Linear broadcasts such as those offered by the BBC and ITV can sometimes attract large audiences when a monarch dies or during the European Championships, but they will increasingly struggle to compete with live broadcasting.

I think of my eldest grandson, a youth leader at a summer camp, streaming his beloved F1 coverage on his mobile.

The excellence of the programming offered by the BBC, ITV and Channel 4 may mean they have a longer shelf life than programmes from rivals such as Sky, Netflix and the dozens of other streaming channels that appear on our smart TVs. But the future is yet to come.

ITV chief executive Carolyn McCall recognised this when she invested in ITV X in the face of scepticism from short-term investors.

The iPlayer will be the future of the BBC if and when the much-despised licence fee, a per capita tax levied on every household in Britain, is finally reformed.

Nothing better illustrates the changing face of broadcasting than the latest financial results from Warner Bros Discovery.

The US media giant cut its TV assets by £7.2bn in the first quarter amid uncertainty over cable rates as viewers shift to streaming.

The shift from traditional television and cable to streaming has hit advertising and network rates hard.

Sports rights are the jewel in the crown, but their price is skyrocketing, as evidenced by the recent payment of £60bn over 11 years for the rights to the National Basketball Association (NBA).

The real guide to the future now is global direct-to-consumer customer numbers. Disney is trying to increase its exposure by buying out Sky owner Comcast’s minority stake in Hulu.

Streaming ad revenue is on the rise as media buyers turn their attention to a new world.

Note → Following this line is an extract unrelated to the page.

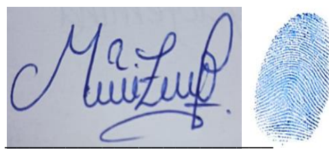
FIRMA DE AUTOR

Be prepared.

Home comforts

One bright spot for Labour’s growth agenda is the recovery of the housing market.

The latest survey by the Royal Institute of Chartered Surveyors shows a recovery in both demand and prices in July.

Lower mortgage rates and the prospect of further Bank of England rate cuts should help.

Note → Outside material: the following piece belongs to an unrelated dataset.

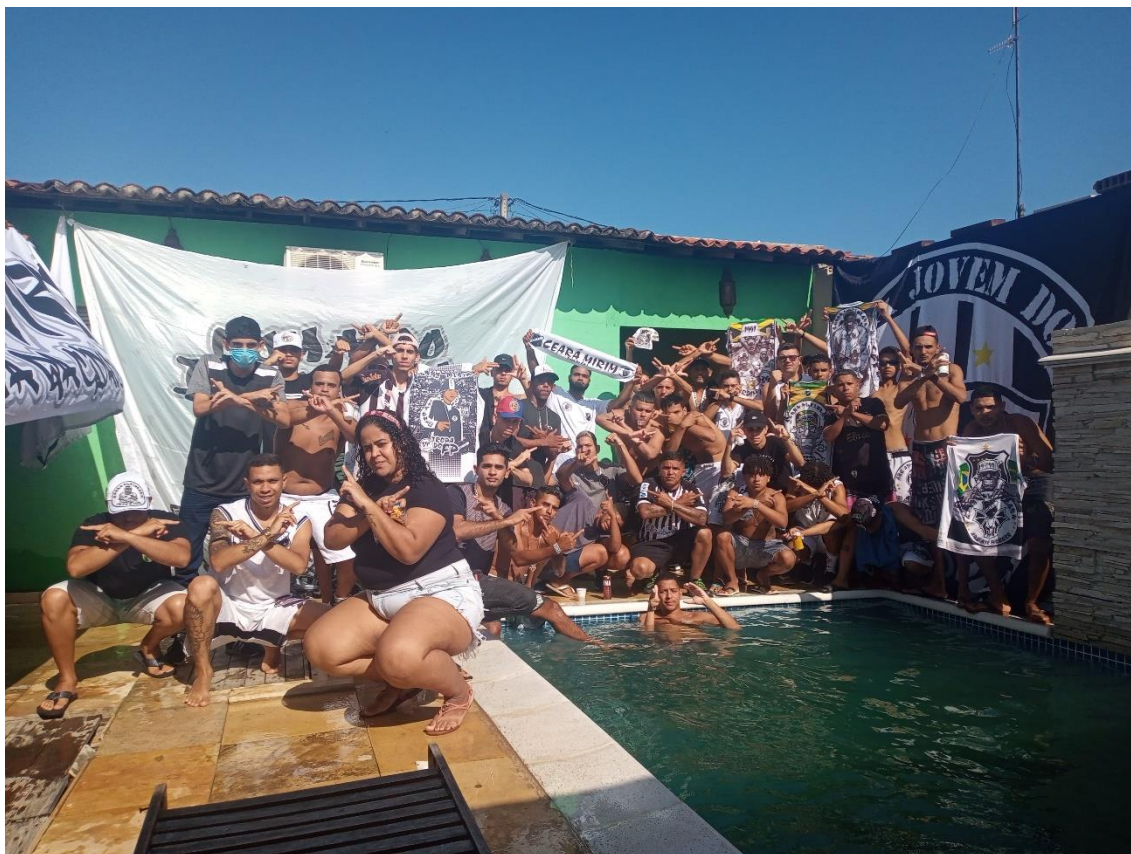
Figura 21 / Torcedores de TJB e Gang posam para foto na recepção em Ceará-Mirim, diante das bandeiras das respectivas torcidas / Phelipe Caldas / 6 de fevereiro de 2022

Muita gente da Jovem e da Gang foi para a piscina, enquanto outros se cotizavam e compravam bebidas diversas para seguir a festa. Com relação às músicas que saíam da caixa de som, eram todas ligadas às duas torcidas, às alianças das quais ambas faziam parte. Havia também muito papo mútuo, muito reencontro entre pessoas das duas torcidas que já nutriam amizades de outras caravanas, outras recepções, outros momentos juntos. Mas havia também novas relações sendo gestadas, entre integrantes novatos das duas torcidas que iam sendo apresentados pelos mais antigos.

Homebuilder Persimmon is also on the mend, though it never fully recovered from the greed of former chief executive Jeff Fairburn and the discovery that it was building substandard homes that could be fire hazards.

Persimmon welcomes the proposed planning reforms but acknowledges they may take time to materialise.

First-half profits fell, which could be positive if it means lessons have been learned from the past.

Quality control and respectful treatment of customers are just as important as achieving ambitious goals.

Gourmet life

Deliveroo is one of those UK online companies that for a while looked like it would lose its appeal after the pandemic.

But it is proving to be one of those risky British startups and IPOs, deploying technology and logistics, that could prove the skeptics wrong.

The indicators improved in the first half of this year, as demand stabilised after the impact of the rising cost of living. The company turned positive and free cash flow strengthened. The shares rose by 9 percent.

The key may lie in the Plus Gold and Plus Diamond loyalty programmes for high-end customers who use Deliveroo to access better restaurants, which accounts for 40 per cent of customers. Good food streaming.